Oracle America, Inc., is the current owner of a copyright in Java SE, a computer program that uses the popular Java computer programming language. Google, without permission, has copied a portion of that program, a portion that enables a programmer to call up prewritten software that, together with the computer’s hardware, will carry out a large number of specific tasks. The lower courts have considered (1) whether Java SE’s owner could copyright the portion that Google copied, and (2) if so, whether Google’s copying nonetheless constituted a “fair use” of that material, thereby freeing Google from copyright liability. The Federal Circuit held in Oracle’s favor (i.e., that the portion is copyrightable and Google’s copying did not constitute a “fair use”). In reviewing that decision, we assume, for argument’s sake, that the material was copyrightable. But we hold that the copying here at issue nonetheless constituted a fair use. Hence, Google’s copying did not violate the copyright law.
Justice Thomas, with whom Justice Alito joins, dissenting.

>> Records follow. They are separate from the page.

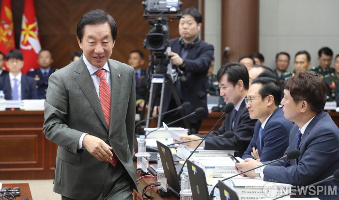 [서울=뉴스핌] 김학선 기자 = 김성태 자유한국당 원내대표가 10일 서울 용산구 국방부에서 열린 국회 국방위원회의 국방부에 대한 국정감사에서 홍영표 더불어민주당 원내대표와 인사를 나눈 후 자리로 향하고 있다. 2018.10.10 yooksa@newspim.com
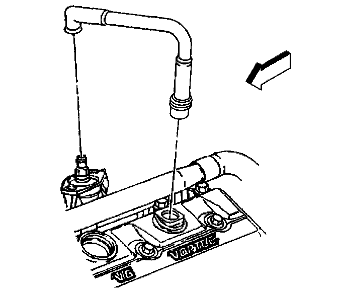5. Remove the PCV valve hose assembly from the intake manifold and the valve rocker arm cover.
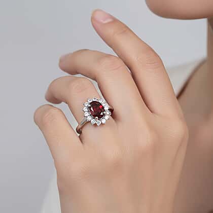 - Gemstone:Oval faceted Mozambique garnet is the main gemstone surrounded by 12 round-cut Natural Cambodian Zircon which is adding an extra sparkle to the overall look of the sterling silver ring.
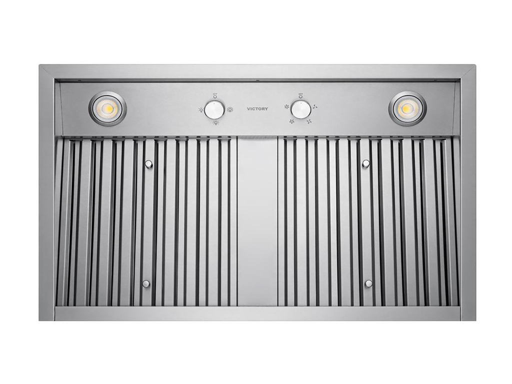 The VICTORY Q5 36-inch range hood insert is designed and assembled in Canada, combining superior craftsmanship with high-performance ventilation. Equipped with durable mechanical switches, an all-metal blower, and stainless steel filters, it efficiently removes smoke, odors, and grease while remaining easy to clean. Compatible with 6" or 8" round ducts for improved airflow and quieter operation, this hood insert ensures optimal performance. Its impressive 19-inch depth provides excellent coverage over your cooktop, preventing smoke and odors from affecting your cabinets. Warm dimmable LED lights offer clear visibility while cooking, making the Q5 a reliable, efficient, and stylish choice for any kitchen.
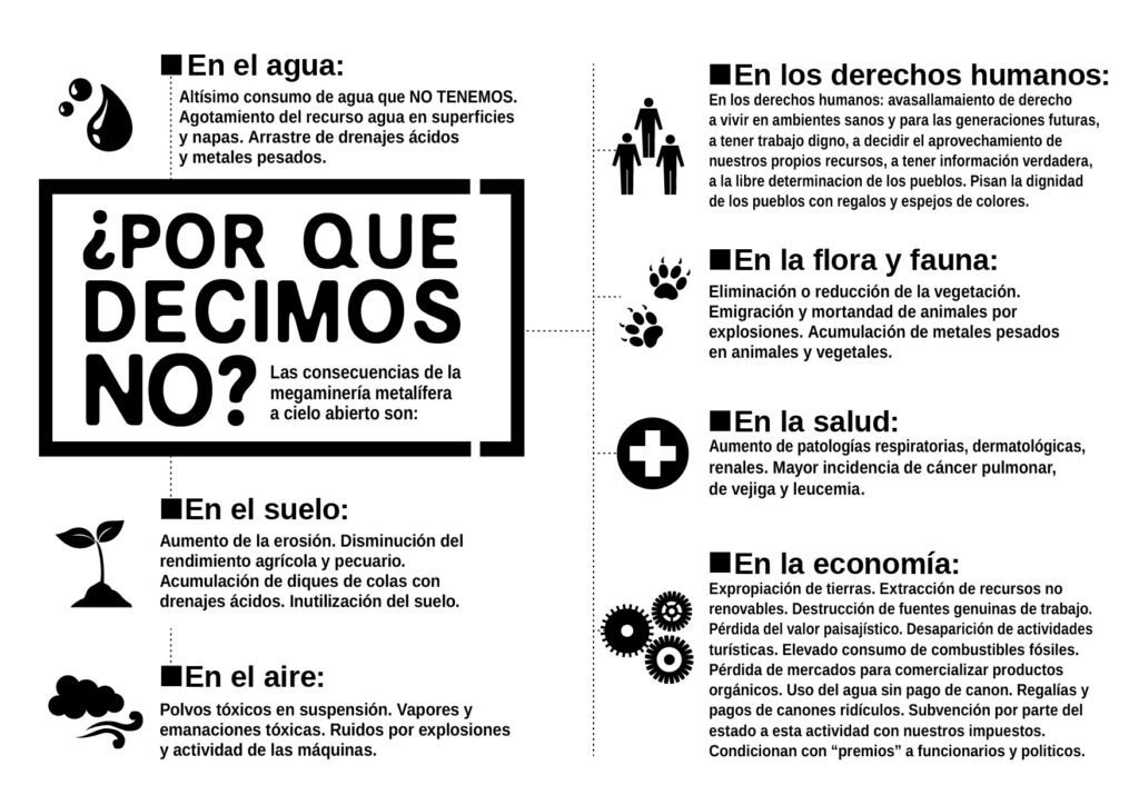 Avasallamiento de derecho a vivir en ambientes sanos y para las generaciones futuras, a tener trabajo digno, a decidir el aprovechamiento de nuestros propios recursos, a tener información verdadera, a la libre determinación de los pueblos.
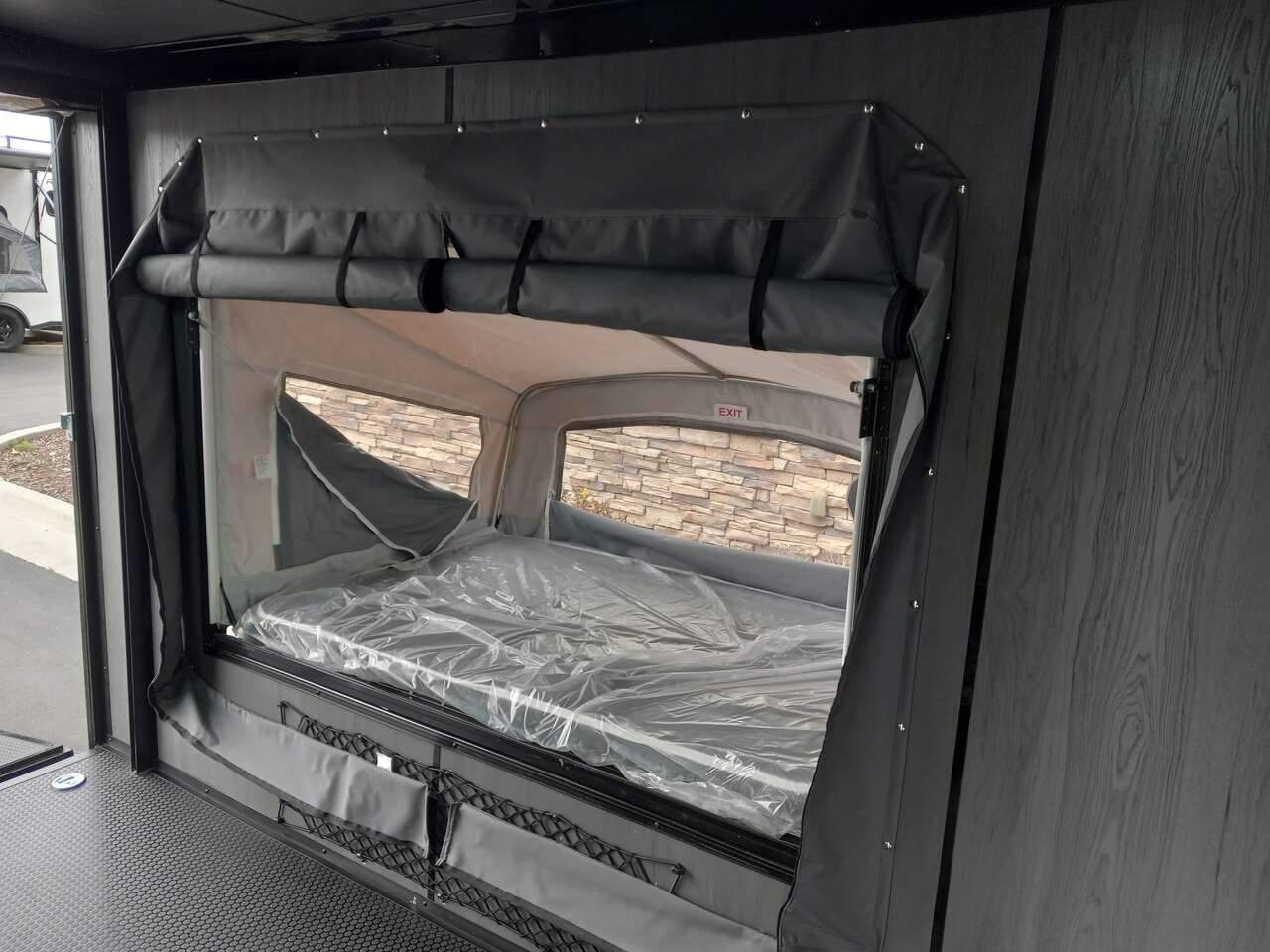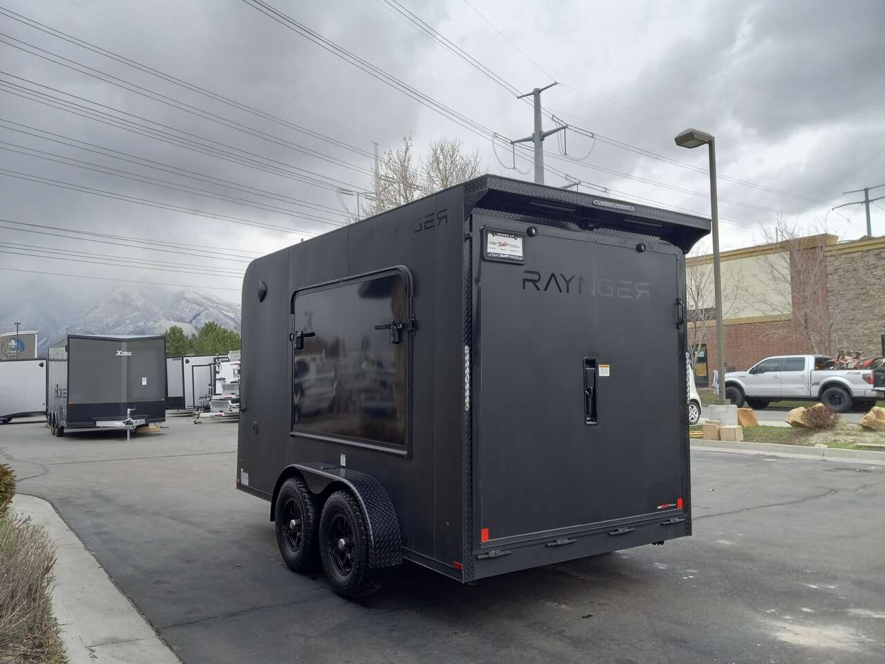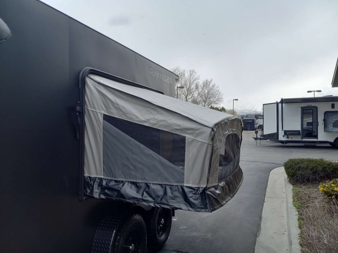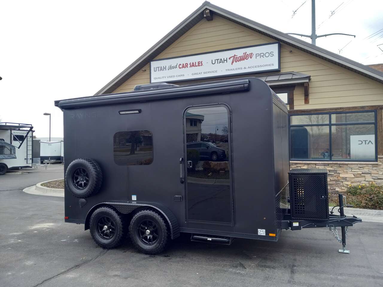 LIMITED TIME $248 A MONTH WITH ZERO DOWN WITH OUR SPECIAL LOCAL CREDIT UNION PARTNER!!! NO PRE-PAYMENT PENALTIES!!! NEW MODEL!!! RAYNGER PREMIUM OFF ROAD TOY HAULER CAMPER!!! 19 INCH GROUND CLEARANCE!!! OFF ROAD TIRES!!! FULLY INSULATED!!! HEATING AND A/C!!! WET SOUND STEREO!!! FOLD OUT/POP OUT TENT WITH MATTRESS!!! Aluminum Ventilated Locking Generator Box!!! 11.1 Foot Long Garage Space!!! And Much MUCH MORE!!! Check out our Specs!!! Also available in 18 foot models. 18 Foot Models can have 3 Fold Out Beds/Pop Out Tents. 16 Foot and 18 Foot Models will fit ANY stock 4 Seater Side by Side • 6” I Beam Frame• Flat Top Design• Flat Front Design• Wall Posts 16” on Center• Cross Members 16” on Center• Roof Bows 16” on Center• Rust Inhibiting Z-Tech Protection on Chassis• Ameraguard on Tongue• Ameraguard on Rear Bumper• Ameraguard Around All Door Openings and Stepwell• Ameraguard Around Edges of Ramp Door• 3500 LB Spring Axles• 2-5/16” Coupler• One-Piece Aluminum Roof• ST235/75R15 Aluminum Wheels with Chrome Center Caps• 2000# Ramp Door with Eberhard Latch• 30” Tempered Glass RV Door with Screen Door• .030 Exterior Metal with Screwless Sides• 24” Black Stoneguard• 3” Black Bottom Trim• Sand Pad• Black Door Hold• 2.7mm Charcoal Textured Vinyl Ceiling • 9mm Charcoal Textured Vinyl Walls• 3/4” Engineered Wood Floor with Rubber Coin Overlay• (6) 1200 LB Floor D rings Installed with Backer Plates• LED Clearance Lights and Tail Lights• LED Back-up Lights• No Show Wheel Box• Spoiler with Toggle Switch• RV Step• 7’ Interior• (2) 17” Chrome Base Lights with Switch• (1) Black 17” Spot Light with Switch• (1) 30 Amp Panel with Marine Plug• A/C Unit with Heat Strip• (3) Interior Recepts• (1) Exterior Recept• 12V Battery and Charge Line• Prep for Backup Camera• Wet Sounds System• (3) Blue Interior Cabinet Lights• (1) 6’ Section of Flex Lights• Black ATP Rear Header and Hoop• Black ATP Fenders• Insulated Walls & Ceiling• Base Cabinets• Overhead Cabinets with Netting Over Compartments• Pop Out Tent• Black ATP Storage/Generator Box Mounted On Tongue. STOCK #U713TP

Oracle spent years developing a programming library that successfully attracted software developers, thus enhancing the value of Oracle’s products. Google sought a license to use the library in Android, the operating system it was developing for mobile phones. But when the companies could not agree on terms, Google simply copied verbatim 11,500 lines of code from the library. As a result, it erased 97.5% of the value of Oracle’s partnership with Amazon, made tens of billions of dollars, and established its position as the owner of the largest mobile operating system in the world. Despite this, the majority holds that this copying was fair use.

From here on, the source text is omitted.